Kirby worries that this second school of thought ignores the importance of interconnectedness and that some organisms may not be able to adapt in time. Her idea of interconnectedness extends to the functionality of biomimicry, which, as explained by the Biomimicry Institute, “is a practice that learns from and mimics the strategies found in nature to solve human design challenges.” Biomimicry will be a key design model for introducing honeybees to the IAIA campus in a way that mimics the existing biological ecosystems. As climate change influences weather patterns across the globe, Kirby says, biomimicry will be key for human societies adapting into an unknown future. Thinking about the ultimate stakes of biomimicry and agriculture in today’s quickly changing environments, Kirby says: “That sort of fear of the unknown, I feel, is a call to action to folks. You’re going to have to choose. And it’s not that the choice is, well, ‘Let’s go back in time.’ We can’t go back in time. So my hope is that there will be more efforts for biomimicry.”  

IAIA’s hoop houses grow a forest of leafy greens. Photo by Jason S. Ordaz. Courtesy of IAIA.

The long-term goal of both the Land-Grant Program’s honeybee hives and gardens is to nourish the IAIA community. Kirby plans to make the honey—a medicine and natural sweetener—available to students, staff, and faculty. Kirby also hopes that the hives will act as teaching apiaries for the IAIA community. 
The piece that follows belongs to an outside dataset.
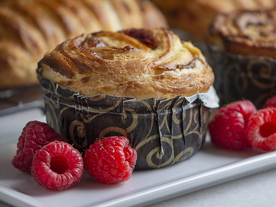 1) Store in freezer at 0⁰F or less 2) Spread pieces on parchment paper 3) DO NOT PROOF 4) Thaw 60 minutes in cup before baking 5) Bake in cup at 350⁰F until DARK golden brown, typically 22-26 minutes 6) Adjust baking times to account for your specific oven Allow product to cool completely

Quintana created the seed collection and the Turtle Garden to foster and nourish the community. The produce from the greenhouse and outdoor gardens is shared first with the café, then the food pantry, and then offered to the staff and faculty. Although it is not yet a full seed-lending library, Quintana says that if people reach out wanting to start a Three Sisters garden, she and the others in the Land-Grant office are more than happy to pass on the seeds. They hope that anyone starting a Three Sisters garden will save the seeds and be able to plant for years to come.  

“The Creator gave these foods to us because that’s what we need,” Quintana says. “We are seeds even, especially women. We’re born with our seeds. Our grandmothers were born with us, and it goes that far, every generation—that’s how we are connected.”

Triana Reid

Triana Reid is from Taos, New Mexico and will be graduating from the Institute of American Indian Arts with a BFA in poetry this coming fall.